新しいローカル市場への展開は、多くの成長中の企業にとっては管理可能ですが、複数の国際市場への同時進出は急速に複雑化します。厳格な労働法や税法を順守しながら、誤分類を避け、国際的な給与支払いを管理しなければなりません。
これらの障害のため、多くの企業は国際的な展開に苦労しています。では、難しい部分を外部に委託してしまってはどうでしょうか?
Deelの「State of Global Hiring Report」によると、企業は世界中から最適な人材を探しています。また、2022年のHR Dive調査によると、人事チームは給与処理や福利厚生のアウトソーシングを他の組織に依頼することも増えています。グローバルPEO(プロフェッショナル・エンプロイヤー・オーガニゼーション)を活用すれば、これらの業務を大幅に軽減できます。
ここでは、グローバルPEOが何で、どのように機能し、どのように役立つのかを見ていきましょう。
グローバルPEO(プロフェッショナル・エンプロイヤー・オーガニゼーション)とは何か?
グローバルPEO(グローバル・プロフェッショナル・エンプロイヤー・オーガニゼーション)とは、企業が国際的な採用業務を外部委託するために雇う組織です。グローバルPEOは、クライアント企業にとっての「雇用主」となり、従業員を法的に雇用し、コンプライアンスに則った契約書作成、グローバル給与計算、税務コンプライアンスなどのサービスを提供します。
PEOはグローバルPEOと同じですか?
いいえ、標準的なPEOとグローバルPEOは似ていますが、同じではありません。
標準的なPEOは、雇用主に代わってHR業務や管理業務を担当します。
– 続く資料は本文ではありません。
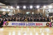 이런뉴스(e-runnews) 김삼성 기자 | 의왕시는 (사)대한노인회 의왕시지회 부설 아름채노인대학과 사랑채노인대학이 12월 2일과 4일, 아름채노인복지관과 사랑채노인복지관에서 2025학년도 졸업식을 성황리에 개최했다고 밝혔다. 박제천 의왕시 노인지회 수석부회장의 노인강령 낭독으로 시작된 이날 졸업식은 졸업장 및 표창장 수여, 노인대학장 회고사, 학생회장 사은사 및 내빈 축사 순으로 진행됐다. 제11기 아름채노인대학과 제21기 사랑채노인대학은 지난 3월 개강하여 주 1회 교양, 건강관리, 문화강좌, 현장체험 등 다양한 프로그램을 운영하며 어르신들의 건전한 여가선용과 배움의 터전이 되어왔다. 올해에는 총 322명(아름채 164명, 사랑채 158명)의 졸업생이 모든 과정을 마치고 자랑스러운 학사모를 쓰게 됐다. 이종훈 지회장은 격려사에서 “평생교육을 몸소 실천하며 배움의 끈을 놓지 않으시는 어르신 여러분께 박수를 보낸다”며 “배움은 끝이 없으니 100세까지 건강하게 공부하며 지내시길 바란다”고 전했다. 김성제 시장은“건강하게 졸업식에 참여하신 어르신들과 수상자 모두에게 축하의 말씀을 전한다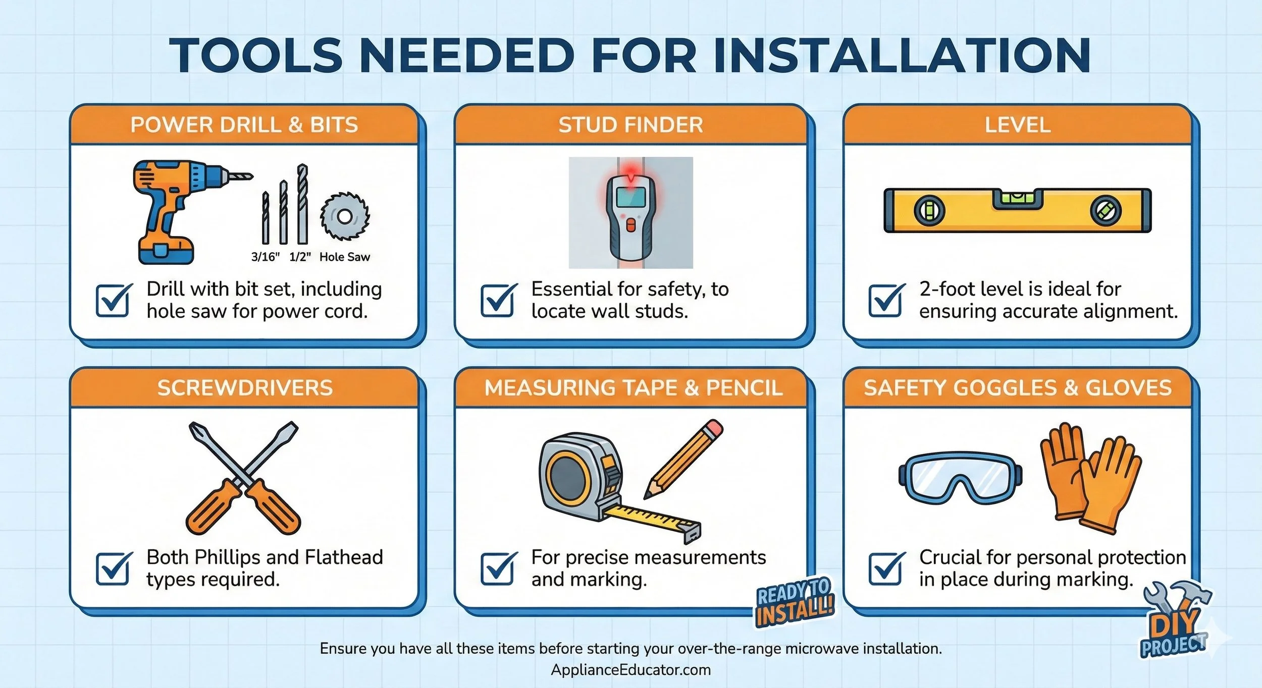 Don’t start the job only to realize you’re missing a 1/2-inch drill bit! Gather these items first:

両者は共同雇用関係を結び、従業員の法的な雇用主としての地位を共有します。標準的なPEOは、国際的に従業員を採用する手助けはしません。外国に法人を設立し、その後、新しい国でのHR業務を支援してくれる国内のPEOを見つける必要があります。
一方、グローバルPEOと提携する場合、グローバルPEOが単独で従業員の法的雇用主となり、すべての法的要件とリスクを引き受けます。グローバルPEOは、すでに現地法人を設立しており、クライアント企業の代わりに国際的な従業員を採用するため、国際的に従業員を採用するのが簡単です。
グローバルPEOを通じて採用したクライアント企業は、従業員の日常的な業務管理、パフォーマンス評価、給与決定などを引き続き行います。しかし、従業員の現地税法や雇用法に準拠することや、国際的な給与処理を考える必要はなくなります。グローバルPEOの現地法人が、雇用契約、給与支払い、税金が現地の労働法に準拠していることを完全に責任を持って確認します。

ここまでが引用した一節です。